[2504.05410] Fast Controlled Generation from Language Models with Adaptive Weighted Rejection Sampling

0 2 minutes read

250405410 Fast Controlled Generation from Language Models with Adaptive Weighted.png

[Submitted on 7 Apr 2025 (v1), last revised 18 Aug 2025 (this version, v2)]

Authors:Benjamin Leipkin, Benjamin Liberation, Jacob Hoover Vigille, Joao Lula, David R. Makver, Lee Du, Jasson Eisner, Ryan Cotrell, Vicash Mansinega, Timothy J. Odonil, Alexander K.

View the PDF file from the paper entitled “The fast generation that controls it” from language models with adaptive balanced samples, by Benjamin Leipkin, Benjamin Liberon, Jacob Hoover Vigi, Lula and David R.
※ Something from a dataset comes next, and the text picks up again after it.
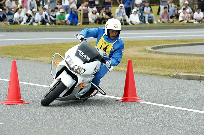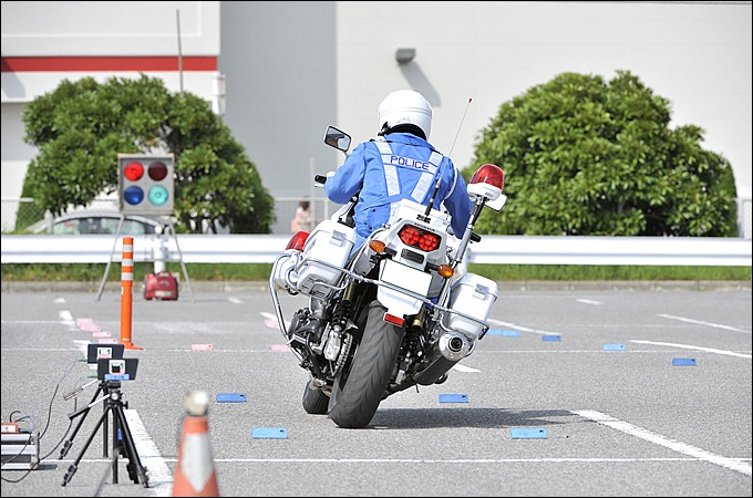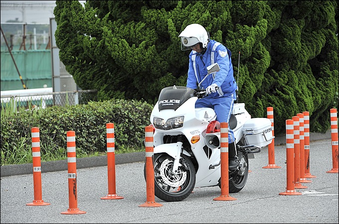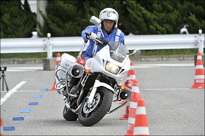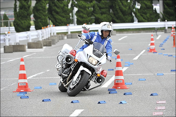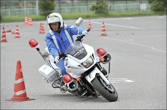 白バイ隊員が行う「8の字」はかなりハイスピードである。強烈な減速を必要とするため前後ブレーキをフルに使っていくがその加減がポイントとなる。滑りやすい路面にも役立つスロットルと前後ブレーキの連携操作のコツを身につけるには最適なトレーニングでもあるのだ。

PDF HTML (experimental) view

a summary:The prevailing approach to generating language models subject to some restrictions is locally deciphering (LCD), taking samples of increasing symbols in every time step so that the registration is never violated. Usually, this is achieved by hiding the distinctive symbol: a loop on vocabulary and excluding non -matching symbols. There are two important problems in this approach. (I) The evaluation of the registration on each symbol can be prohibited – often the LM vocabulary exceeds $ 100,000. (2) The LCD screen can distort the global distribution on the tendons, take samples of only -based symbols to local information, even if they are leading deadlines. This work offers a new algorithm that addresses both problems. First, to avoid evaluating the restriction on the full vocabulary in each step of the obstetric step, we suggest the adaptive rejection samples of rejection samples that usually require orders to evaluate restrictions. Second, we explain how this algorithm can be extended to produce low and unbiased estimates of the importance of importance at a very small cost-excrements that can be used properly within the pre-proposed Monte Carlo algorithms to correct excessive behavior to enforce local restrictions. Through the extensive experimental evaluation in the text to SQL, molecular synthesis, target inference, matching patterns, and JSON fields, we make it clear that our approach is superior to modern basic lines, support a wider category of restrictions and improve the time of operation and performance. Additional theoretical and experimental analyzes show that the efficiency of the time of operation of our method is driven by its dynamic calculation, expansion with the difference between the unrestricted and restricted LM, and as a result, the operating time improvements are greater for better models.